Modelling Networked Dynamical System by Temporal Graph Neural ODE with Irregularly Partial Observed Time-series Data

TL;DR

The paper tackles modeling networked dynamical systems from irregular, partially observed time-series data. It introduces a GNODE-GGRU framework that combines a Spatial Graph Neural ODE for continuous latent dynamics with a Graph Gate Recurrent Unit-based imputation, augmented by a reliability and time-aware mechanism to account for variable observation quality and time gaps. A loss weighting scheme prioritizes higher-quality imputations during training, and the imputed states feed into a Temporal Graph Neural Network for prediction. Experiments on a simulated 8-node network with irregular sampling show the proposed method outperforming RNN-based and Neural ODE baselines in terms of MSE across varying levels of observed data, demonstrating the model’s ability to leverage spatial-temporal dependencies for accurate imputation and forecasting. The approach offers a principled way to handle missing data and irregular sampling in graph-structured dynamical systems, with potential applications across traffic, energy, and communications networks.

Abstract

Modeling the evolution of system with time-series data is a challenging and critical task in a wide range of fields, especially when the time-series data is regularly sampled and partially observable. Some methods have been proposed to estimate the hidden dynamics between intervals like Neural ODE or Exponential decay dynamic function and combine with RNN to estimate the evolution. However, it is difficult for these methods to capture the spatial and temporal dependencies existing within graph-structured time-series data and take full advantage of the available relational information to impute missing data and predict the future states.

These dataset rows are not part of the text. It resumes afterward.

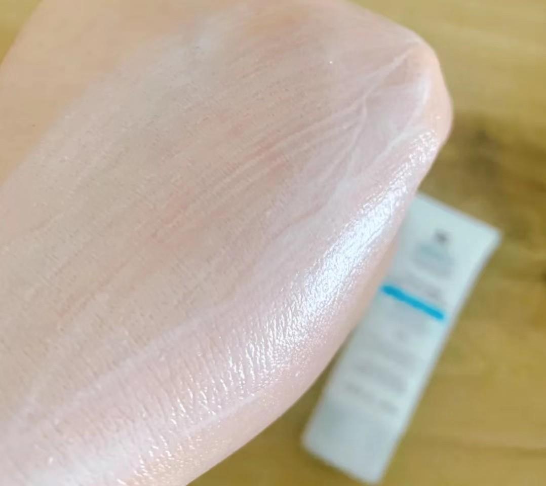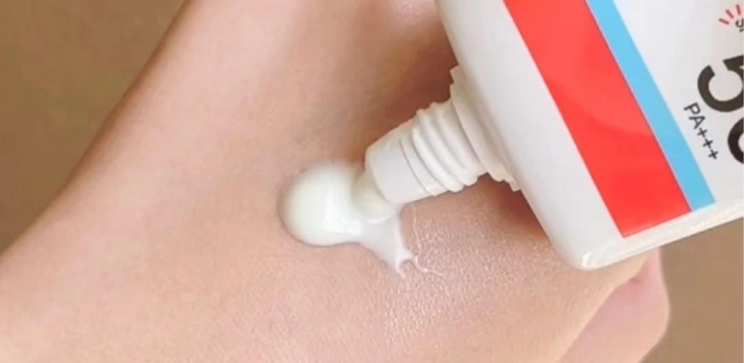 這款防曬霜是薄的乳液質(zhì)地,其中用到的冰感控油技術在接觸到皮膚時,能夠有冰冰涼涼的涂抹膚感。
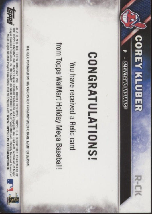 Corey Kluber 2016 Topps Walmart Holiday Mega Swatch #R-CK
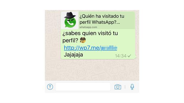 La trampa llega a la víctima por el mensaje de un contacto, que ya tiene su celular infectado, y dice algo parecido a "¿Quién visitó su perfil en WhatsApp?", seguido de un link fraudulento, una verdadera trampa caza incautos: primero, porque no hay perfiles públicos en Whatsapp (sólo datos de contacto que carga el mismo usuario, más la foto que lo identifica); y segundo, porque ni aquí ni en Facebook o Twitter es posible saber quién mira un determinado perfil.
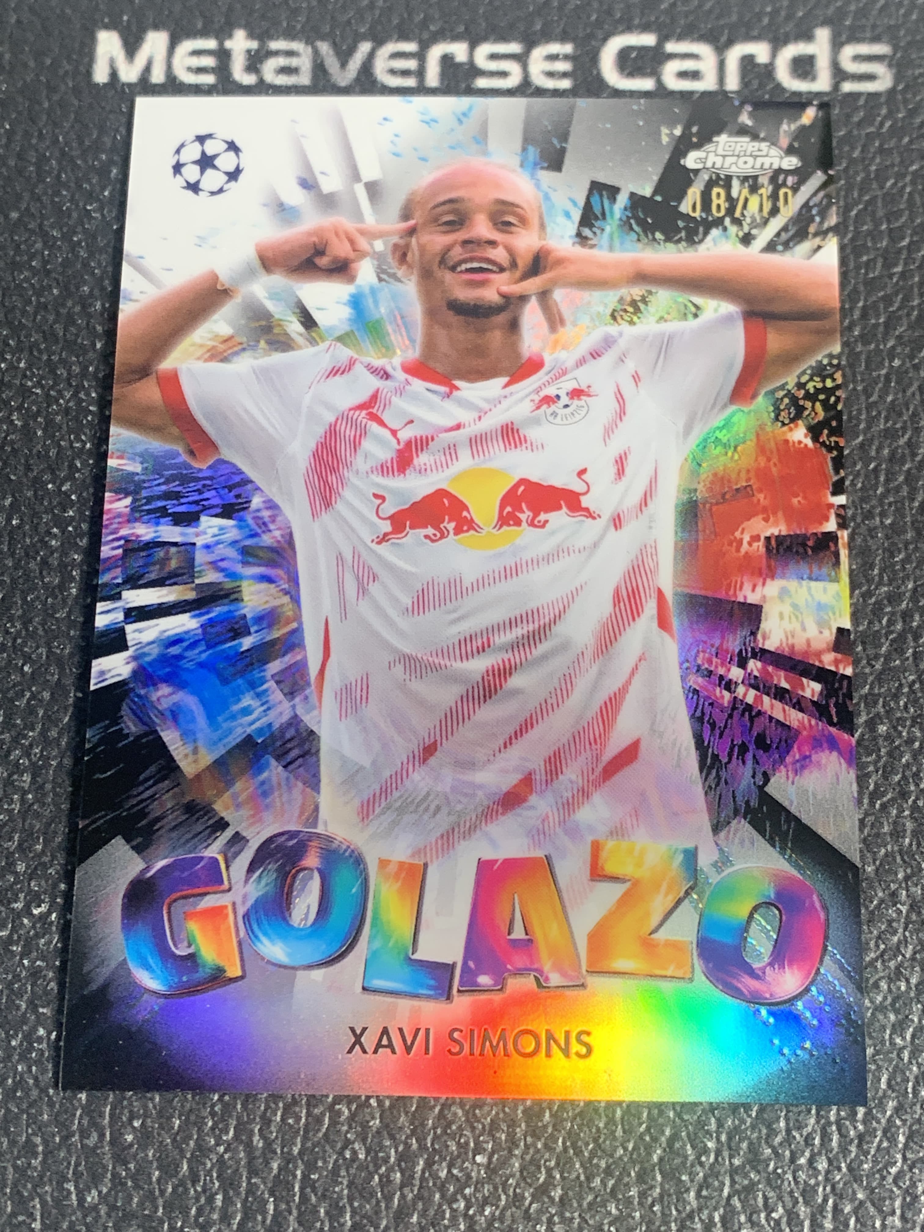 【元宇宙拍卖】希同总012:2025 Topps Chrome Xavi Simons 欧冠 莱比锡红牛 哈维 西蒙斯 荷兰 Golazo 特卡 黑折 折射 08/10编 低编 微瑕如图 专收收藏必备
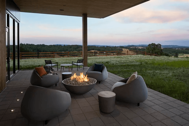 A private Newberg estate with sweeping vineyard views, Tempur-Pedic suites, hot tub, sauna, cold plunge, and dual gourmet kitchens — one of the most coveted rentals in the valley.
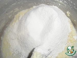100 г творога смешиваем с маргарином, порезанным на кубики, и рубим ножом. Затем добавляем сметану, 1 ст.л. сахара и щепотку соли.
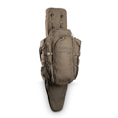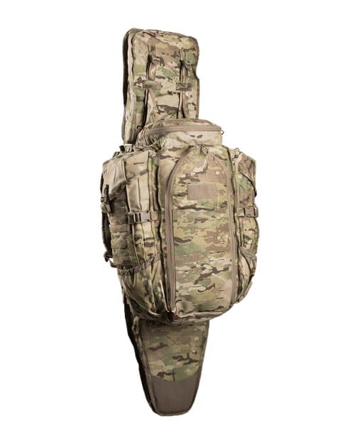 Designed as the quintessential sniper pack, the Phantom offers the ability to remove the bag and straps from the rifle scabbard, which can then be combined with the buttcover to make a drag bag with its dedicated drag loop. The Phantom is a front-loader with various sized pockets for organization and MOLLE inside and out for adding on any pouches you might need. A fold-down shelf can be used to divide the main compartment into upper and lower chambers.
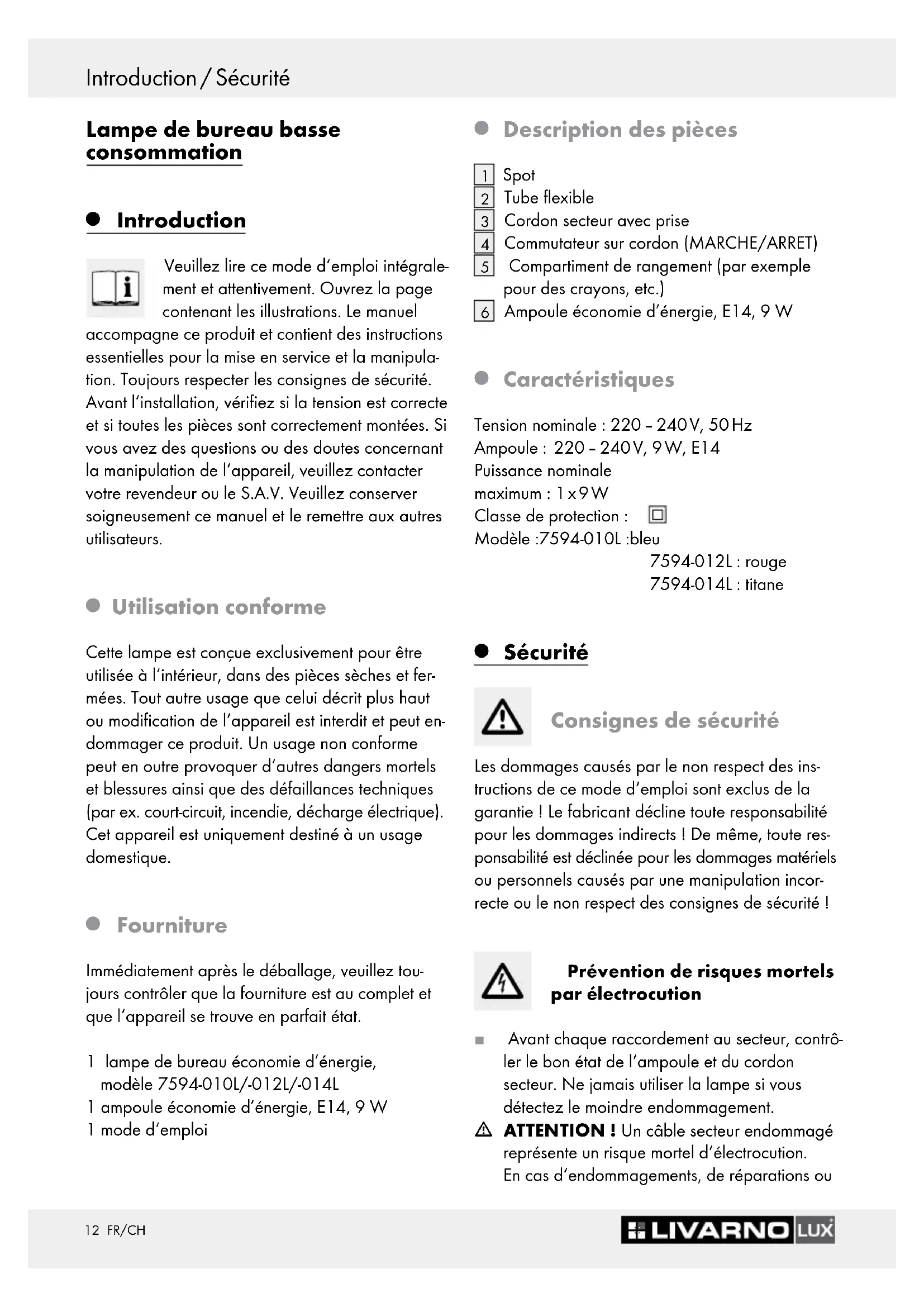 Sécurité Consignes de sécurité Les dommages causés par le non respect des ins- tructions de ce mode d‘emploi sont exclus de la garantie ! Le fabricant décline toute responsabilité pour les dommages indirects ! De même, toute res- ponsabilité est déclinée pour les dommages matériels ou personnels causés par une manipulation incor- recte ou le non respect des consignes de sécurité ! Prévention de risques mortels par électrocution J Avant chaque raccordement au secteur, contrô- ler le bon état de l‘ampoule et du cordon secteur. Ne jamais utiliser la lampe si vous détectez le moindre endommagement. m ATTENTION ! Un câble secteur endommagé représente un risque mortel d‘électrocution. En cas d‘endommagements, de réparations ou Introduction / Sécurité13 FR/CH d‘autres problèmes, veuillez contacter la filiale S.A.V. ou un électricien. J Absolument éviter tout contact de la lampe avec de l‘eau ou d‘autres liquides. J N‘ouvrez jamais un élément électrique (par exemple commutateur à fil et autres), et n‘insé- rez aucuns objets à l‘intérieur. De telles actions impliquent un danger de mort par électrocution. J Pour éviter des dangers, si une ligne électrique flexible extérieure de cette lampe est endom- magée, ne la faire remplacer exclusivement que par le fabricant, son représentant S.A.V. ou un spécialiste comparable. Prévention de risque d‘incendies et de blessures J RISQUE DE BLESSURES ! Immédiatement après avoir sorti la lampe de l’emballage, contrôlez-la et contrôlez chacune des ampoules afin de détecter d’éventuels endommagements. Ne montez pas la lampe avec des ampoules défectueuses. Dans ce cas, prenez contact avec le point S.A.V. pour les remplacer. J RISQUE DE BRÛLURE ! Afin d‘éviter toutes brûlures, vérifiez que la lampe est éteinte et suffisamment froide avant de la manipuler. L‘ampoule dégage une forte chaleur dans la tête de la lampe. J Avant de remplacer une ampoule défectueuse, laissez la lampe refroidir complètement. J Remplacez immédiatement l‘ampoule lorsqu‘elle est usée. Avant de changer l‘am- poule, débranchez toujours la prise. J Ne laissez pas sans surveillance la lampe en service. Un développement de chaleur excessif peut entraîner un incendie. J Ne pas laisser la lampe ou le matériel d‘em- ballage traîner négligemment. Les films et les sachets en plastique, les éléments en matières synthétiques, etc. peuvent devenir des jouets dangereux dans les mains des enfants. J Ne recouvrez pas la lampe. Pour travailler en toute sécurité J Utilisez uniquement des ampoules économie d’énergie de 220 – 240 Volt E14 d’une puis- sance maximale de 9 Watts. J Placez la lampe de telle sorte qu’elle soit protégée de l’humidité et de la saleté.

Besides, traditional RNN-based methods leverage shared RNN cell to update the hidden state which does not capture the impact of various intervals and missing state information on the reliability of estimating the hidden state. To solve this problem, in this paper, we propose a method embedding Graph Neural ODE with reliability and time-aware mechanism which can capture the spatial and temporal dependencies in irregularly sampled and partially observable time-series data to reconstruct the dynamics. Also, a loss function is designed considering the reliability of the augment data from the above proposed method to make further prediction. The proposed method has been validated in experiments of different networked dynamical systems.

Paper Structure

This paper contains 10 sections, 17 equations, 4 figures, 1 table, 1 algorithm.

Figures (4)

  • Figure 1: The structure of GNODE-GGRU to impute data. The hidden state between observations is estimated by Graph neural ODE and then updated by Graph GRU. The impute data can be used to make prediction in predict network.
  • Figure 2: Irregular sampling time-series graph-structured data with unobserved states. The blue one represents the observed state and the white one is unobserved.
  • Figure 3: Blue one is the observable state and the red one is the missing information. Green one is the impute state by GNODE-GGRU. Weight of each term in loss function is determined by $w_{t_{ij}} = \beta e^{-\zeta (t_i-t_{ij})}$.
  • Figure 4: Modelling the trajectories of the system according to the temporal irregular and spatial missing data by the proposed method in this paper. The system contains 8 nodes and each node has a 2-dimensional dynamic function. The left figure shows trajectories of node 1 on $x$ plane and $y$ plane. The right figure is the phase portrait of node 1.